Siapa Abraha: Jenderal yang Menyerang Kabah Saat Nabi Muhammad Lahir?

Jakarta, CNBC Indonesia - Nama Abraha al-Ashram sangat lekat dengan sejarah kelahiran Nabi Muhammad SAW atau dikenal sebagai Maulid Nabi Muhammad SAW yang jatuh pada 12 Rabiul Awal.
Untuk tahun 2025 Masehi atau 1447 Hijriah, Maulid Nabi Muhammad SAW diperingati pada hari ini, Jumat (5/9/2025).
Sejarah mencatat Abraha sebagai sebagai jenderal sekaligus penguasa Kerajaan Himyar di Yaman pada abad ke-6. Dia dikenal karena ambisi militer dan langkah politiknya, termasuk upayanya yang legendaris untuk menghancurkan Ka'bah di Mekah, Arab Saudi.
Peristiwa ini kemudian dikenal sebagai Tahun Gajah (570 M), tahun yang bertepatan dengan kelahiran Nabi Muhammad SAW, dan diabadikan dalam Surah Al-Fil di Al-Qur'an.
Siapa Abraha?
Asal-usul Abraha masih diperdebatkan. Sejumlah sumber menyebut dia mantan budak pedagang Romawi, sementara catatan Islam menegaskan ia berasal dari garis keturunan kerajaan Aksum di Ethiopia.
Abraha naik daun setelah ikut dalam invasi Aksum ke Yaman sekitar 525 M. Dia kemudian menyingkirkan penguasa boneka Aksum, Sumyafa Ashwa, dan berhasil merebut tahta.

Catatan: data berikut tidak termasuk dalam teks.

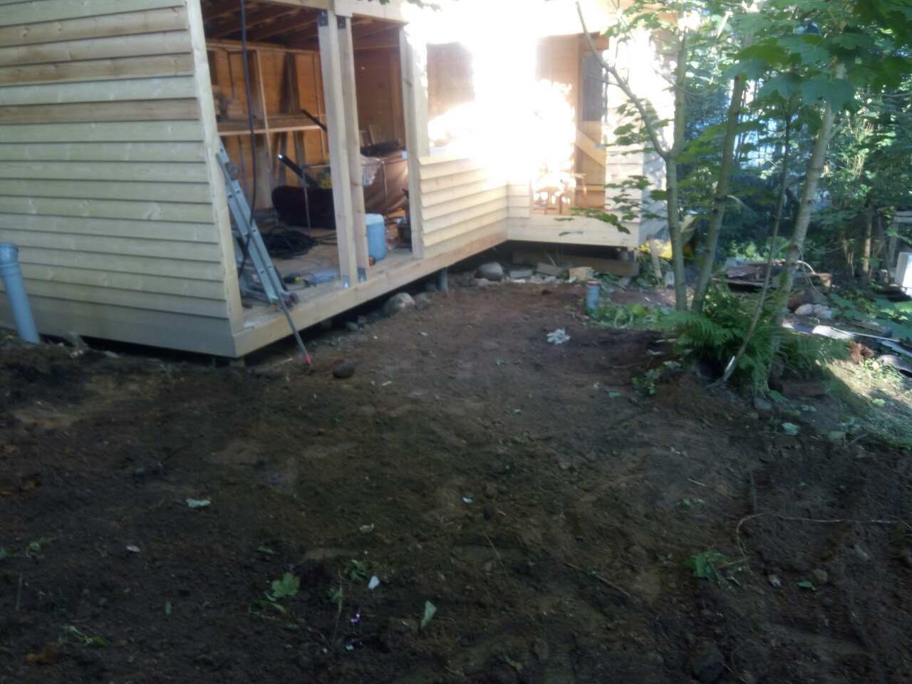 Выложу результат. 5*4 метра снято 30см. +траншея под ввод кабеля...

Julukan "al-Ashram" (Si Wajah Berparut) melekat padanya usai duel sengit melawan rivalnya, 'Ariat.
![]() Peta Yaman |
Sebagai catatan, Arabia Selatan pada milenium pertama Masehi menjadi ajang perebutan pengaruh antara tiga kekuatan besar: Aksum dari Ethiopia, Himyar dari Yaman, dan Sasaniyah dari Persia.

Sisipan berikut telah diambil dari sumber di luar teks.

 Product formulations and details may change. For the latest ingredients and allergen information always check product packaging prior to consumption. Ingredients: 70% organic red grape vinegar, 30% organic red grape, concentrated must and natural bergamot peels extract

Persaingan ini bukan sekadar soal politik, melainkan juga jalur dagang, agama, hingga akses ke Laut Merah yang strategis.
Dikutip dari situs UNESCO, reruntuhan kota kuno Aksum terletak dekat perbatasan utara Ethiopia. Tempat ini menandai jantung Ethiopia kuno, ketika Kerajaan Aksum merupakan negara paling kuat di antara Kekaisaran Romawi Timur dan Persia.
Ekspansi Aksum melintasi Laut Merah membuat Aksum sering bersaing dengan kerajaan-kerajaan di Arabia Selatan, terutama Himyar dan Saba.
![]() Situs peninggalan kerajaan Aksum |
Kerajaan Himyar, yang berdiri sejak abad ke-2 SM di Yaman, memiliki sejarah panjang konflik dengan Aksum dan Saba. Posisi Yaman yang kaya pertanian dan menguasai jalur laut ke India menjadikannya rebutan.
Namun, dominasi lokal Himyar terhenti ketika Dhu Nuwas ditumbangkan oleh Aksum pada 525 M.
Aksum menunjuk seorang gubernur bernama Sumyafa Ashwa untuk memimpin Yaman. Namun situasi berubah ketika Abraha, seorang jenderal Aksum, memberontak dan menggulingkan gubernur tersebut.
Abraha kemudian memerintah Yaman secara semi-independen. Meski masih membawa identitas Aksumite, Abraha membangun basis kekuasaan sendiri dan memperkuat legitimasi di hadapan suku-suku Arab.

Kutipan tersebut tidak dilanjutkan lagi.